== ABOUT THIS TASK ==
Beginning with the line that contains "Kartáč miskový s", print each line to the end of the data exactly. Omit the pictures.

== DATA ==
= Beginning of Section =

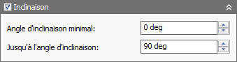 Le confinement d'angle de plongée est spécifié par les paramètres Depuis l'angle de plongée et Vers l'angle de plongée, disponibles dans la section Pente de l'onglet Géométrie.
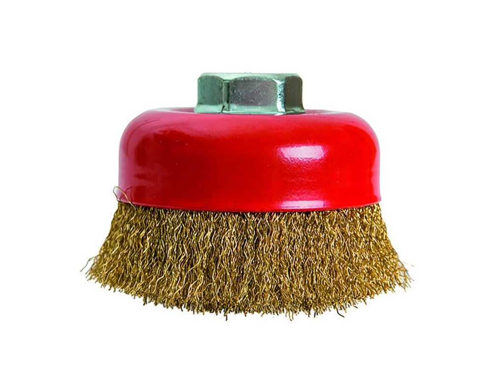 Kartáč miskový s mosaznými vlnitými drátky, uchycení M14, hrnkový, vhodné pro nerezové materiály.
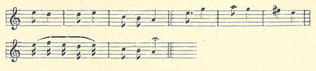 V písni vzývali Myslavané jmenovitě sv. Dominika a sv. Floriána za ochranu proti ohni. Pěknou melodií vynikala zvláště jedna píseň mariánská „Hvězdo jasna Maria!", kterou jsem si také poznačil a podávám zde její nápěv:

= End of Section =

== ANSWER FOR THIS EXERCISE ==
 Kartáč miskový s mosaznými vlnitými drátky, uchycení M14, hrnkový, vhodné pro nerezové materiály.
 V písni vzývali Myslavané jmenovitě sv. Dominika a sv. Floriána za ochranu proti ohni. Pěknou melodií vynikala zvláště jedna píseň mariánská „Hvězdo jasna Maria!", kterou jsem si také poznačil a podávám zde její nápěv:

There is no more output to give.